6.  Pao Sheng Ta Ti (保生大帝), the “God of Medicine,” the “Great Emperor Who Protects Life.” Also called Ta Tao Kung,  he is revered for his ability to cure the sick. Regarded by the people of Taiwan as the patron deity of native medicine, Pao Sheng was a legendary physician of the 10th century A.D. his fame spread after he healed an ailing empress. Pao Sheng’s image, easily confused with that of other deities, usually depicts him as a seated, benign, bearded mandarin accompanied by two of his 36 warrior aides, or occasionally by youths each carrying a box of medicinal herbs. Pao Sheng is the main deity in about 140 of Taiwan’s temples, chiefly in Fukienese communities around Yunlin and Tainan. He does not appear in temples of the Cantonese ethnic minority. His birthday is celebrated on the 15th day of the third lunar month. In addition, the tiger has been a powerful symbol in Chinese culture since ancient times. The tiger spirit eventually became a part of religious worship. According to legend, there was once a black tiger which ate a woman. However, she became stuck in his throat. The tiger could neither swallow the woman, nor spit her up. The God of Medicine saw the tiger’s predicament, and took pity on him. He helped the tiger get the woman out of his throat, but made the tiger promise to follow him, and not commit any more evil deeds. Later, the tiger is known as General Black Tiger (虎爺). It is believed that he can help cure the mumps. The parent of a child suffering from mumps is supposed to rub a piece of spirit money under the neck of the tiger spirit. Bandaging this to the neck of the child is supposed to bring a complete cure.

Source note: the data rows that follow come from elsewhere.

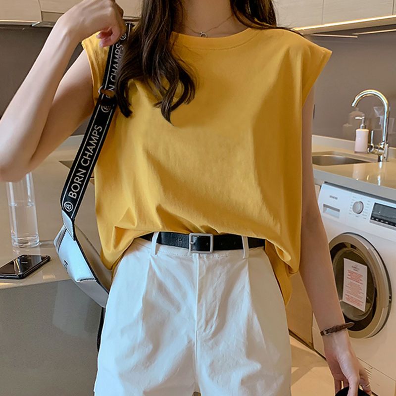 2025春夏新款港味纯色无袖t恤女内搭打底衫工字吊带背心女外穿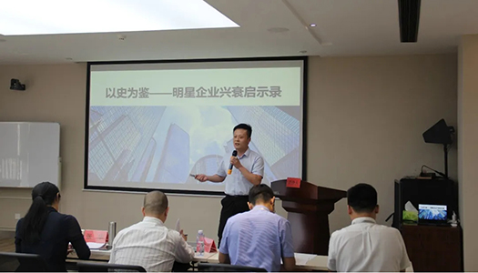 ▲鄭州地產(chǎn)集團(tuán)投資管理有限公司 總經(jīng)理 于通 試講《以史為鑒 明星企業(yè)興衰啟示錄》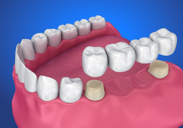 Crowns and bridges are dental prosthetics used to replace missing or damaged teeth. Crowns cover the entire tooth, while bridges replace one or more missing teeth by anchoring to neighboring teeth or dental implants.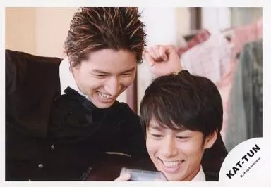 生写真(ジャニーズ)/アイドル/KAT-TUN KAT-TUN/中丸雄一・田口淳之介/横型・衣装黒・シャツ白・中丸両手ゲーム機・覗き込み/公式生写真

7. Ma Tsu (媽祖), also known as Tien Shang Sheng Mu (天上聖母) or Tien Hou (天后). She is an exceedingly popular figure throughout Taiwan. Legend claims that she was the daughter of a 9th-century Fukien fisherman named Lin. One day, her father and two brothers were caught in a typhoon at sea. The girl, asleep at home, left her body during a dream and appeared from out of the clouds above the boat. She grasped her two brothers with her hands and her father with her teeth. Unfortunately, the mother at home kept asking the body of the sleeping girl what was happening. In desperation, Miss Lin answered, but in doing so lost her grip of her father. Miss Lin died at the early age of 20 and some believe she was deified by the Emperor of China. She became the patron deity of sailors, but evolved into a goddess to whom any problem could be put. Her image is usually that of a seated dowager wearing a flat-topped crown with a bead screen similar to that of the Jade Emperor. She normally holds a scepter in her right arm or a tablet before her chest. There are countless legends of her powers. According to one, Ching Dynasty naval commander Shih Liang landed on Taiwan during a drought. By some miracle, a dry well near a local Matsu temple suddenly turned into a bubbling fountain. There was enough water for all his troops. The Ching Dynasty emperor crowned Matsu “Empress of Heaven” for her help on that occasion. Her two assistants are demons that she subdued and turned into loyal servants: the green Chien Li Yen (千里眼), “Eyes Which See for One Thousand Li (about 300 miles),” and the red Shun Feng Erh (順風耳), “Ears Which Listen for a Favorable Wind.” There are about 375 temples in Taiwan in which Ma Tsu is the principal deity. Among the most important are those at Lukang and Tainan. Her birthday is celebrated on the 23rd day of the third lunar month. There are large parades in all the major ancient port towns, with special theater performances in Peikang and Lukang.